Introduction
Data Science is the study of extracting meaningful insights from the data using various tools and technique for the growth of the business. Despite its inception at the time when computers came into the picture, the recent hype is a result of the huge amount of unstructured data that is getting generated and the unprecedented computational capacity that modern computers possess.
However, there is a lot of misconception among the masses about the true meaning of this field with many of the opinion that it is about predicting future outcomes from the data. Though predictive analytics is a part of Data Science, it is certainly not all of what Data Science stands for. In an analytics project, the first and foremost role is to get the build the pipeline and get the relevant data to perform predictive analytics later on.

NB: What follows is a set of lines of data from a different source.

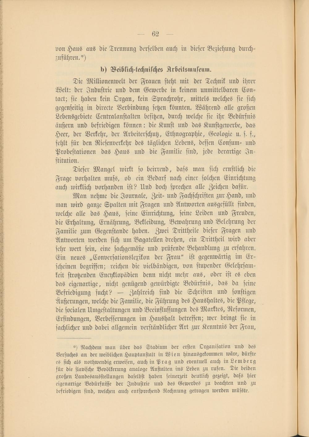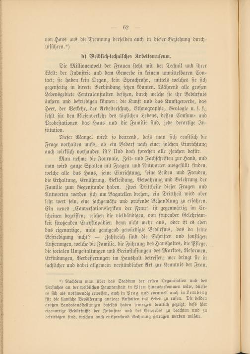 *) Nachdem man über das Stadium der ersten Organisation und des Versuches an der weiblichen Hauptanstalt in Wien hinausgekommen wäre, dürfte es sich als nothwendig erweisen, auch in Prag und eventuell auch inLemberg für die slavische Bevölkerung analoge Anstalten ins Leben zu rufen. Die beiden großen Landesausstellungen daselbst haben seinerzeit deutlich gezeigt, dass hier eigenartige Bedürfnisse der Industrie und des Gewerbes zu beachten und zu befriedigen sind, welchen auch entsprechend Rechnung getragen werden müsste.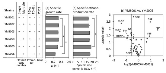 The results of the metabolic analyses described previously suggest that the activation of the pyruvate-consuming reaction increases the ethanol production rate. To confirm this finding, PDC1 from S. cerevisiae was overexpressed in the haploid laboratory yeast strain (YPH499). PDC1 encodes a major isoform of PDC, the initial enzyme involved in ethanol biosynthesis from pyruvate [28]. Strains YMS003 and YMS004 were constructed by introducing single- and multi-copy plasmids expressing PDC1 under the control of the PDC1p promoter, respectively. Flask-scale batch cultivation showed that the specific rates of ethanol production and cell growth of the YMS003 and YMS004 strains were similar to those of the vector control strains (YMS001 and YMS002), likely because of insufficient overexpression of PDC1 (Figure 3a,b).
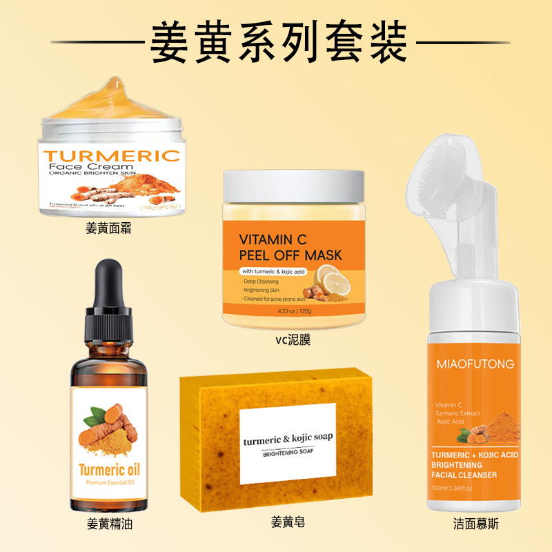 外贸跨境爆款姜黄皂洁面慕斯洁面套装去角质颗粒曲酸皂滋润亮肤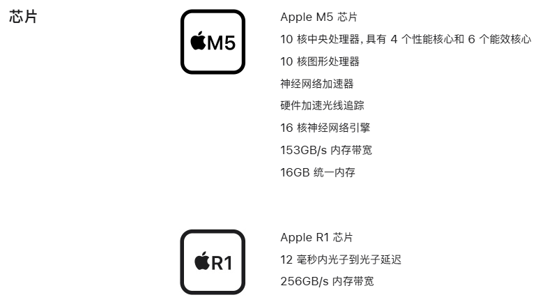 头戴设备多芯协同不是个例,比如苹果的 Vision Pro 就是分别用了一颗 M5 和 R1 芯片来运作的。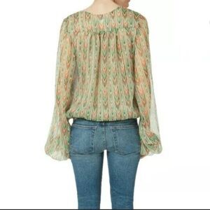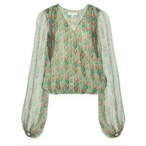 Caroline Constas- Silk Lurex Chevron Printed Balloon Sleeve Top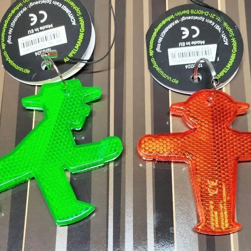 리플렉터 - 반사판 AMPELMANN 앙펠만 페어 키링 독일 베를린의 유명한 신호등 캐릭터 앙펠만의 키링입니다. 그린 컬러와 빨간색 세트입니다. 베를린 앙펠만 샵에서 구매했습니다. 가방이나 열쇠에도 개성 있는 악센트를 더합니다. [ 편리한 스트랩 포함 ] 검은색 스트랩이 부속되어 있어 쉽게 설치할 수 있습니다. 사이즈 약 그린 세로 9cm x 가로 6cm 레드 세로 8cm x 가로 8cm - 색상: 그린, 레드 - 소재: 플라스틱 - 스트랩: 부속 (검은색 끈 포함) - 택: 브랜드 택 포함 레드는 오렌지빛이 도는 레드입니다. 그린, 레드 모두 발밑을 기울이면 글자가 나타납니다. #momo의 독일 상품 보기 레드만, 혹은 그린만 구매 시 1690엔으로 준비해 드립니다.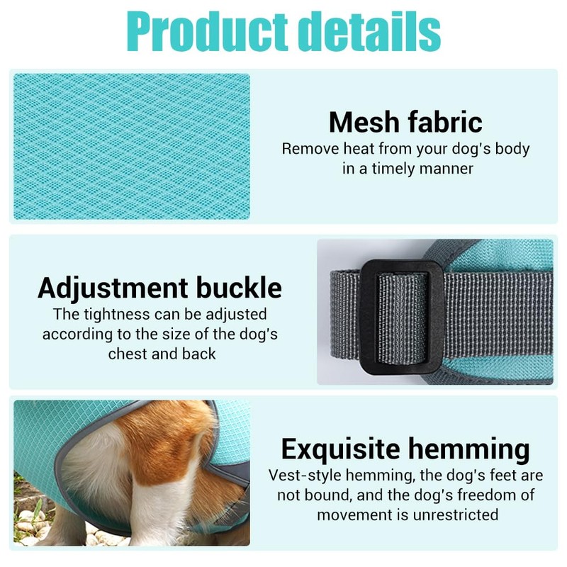 1.High-quality Material: Made with mesh fabrics, timely discharge the heat of the dog's body to help dogs prevent heat and cool down in time.

The professional who is responsible for building such ETL pipelines and the creating the system for flawless data flow is the Data Engineer and this field is known as Data Engineering.
Over the years the role of Data Engineers has evolved a lot. Previously it was about building Relational Database Management System using Structured Query Language or run ETL jobs. These days, the plethora of unstructured data from a multitude of sources has resulted in the advent of Big Data. It is nothing but a different forms of voluminous data which carries a lot of information if mined properly.
Now, the biggest challenge that professionals face is to analyse these huge terabytes of data which traditional file storage systems are incapable of handling. This problem was resolved by Hadoop which is an open-source Apache framework built to process large data in the form of clusters. Hadoop has several components which takes care of the data and one such component is known as Map Reduce.
What is Hadoop?
Created by Doug Cutting and Mike Cafarella in 2006, Hadoop facilitates distributed storage and processing of huge data sets in the form parallel clusters. HDFS or Hadoop Distributed File System is the storage component of Hadoop where different file formats could be stored to be processed using the Map Reduce programming which we would cover later on in this article.
The HDFS runs on large clusters and follows a master/slave architecture. The metadata of the file i.e., information about the relative position of the file in the node is managed by the NameNode which is the master and could save several DataNodes to store the data. Some of the other components of Hadoop are –
- Yarn – It manages the resources and performs job scheduling.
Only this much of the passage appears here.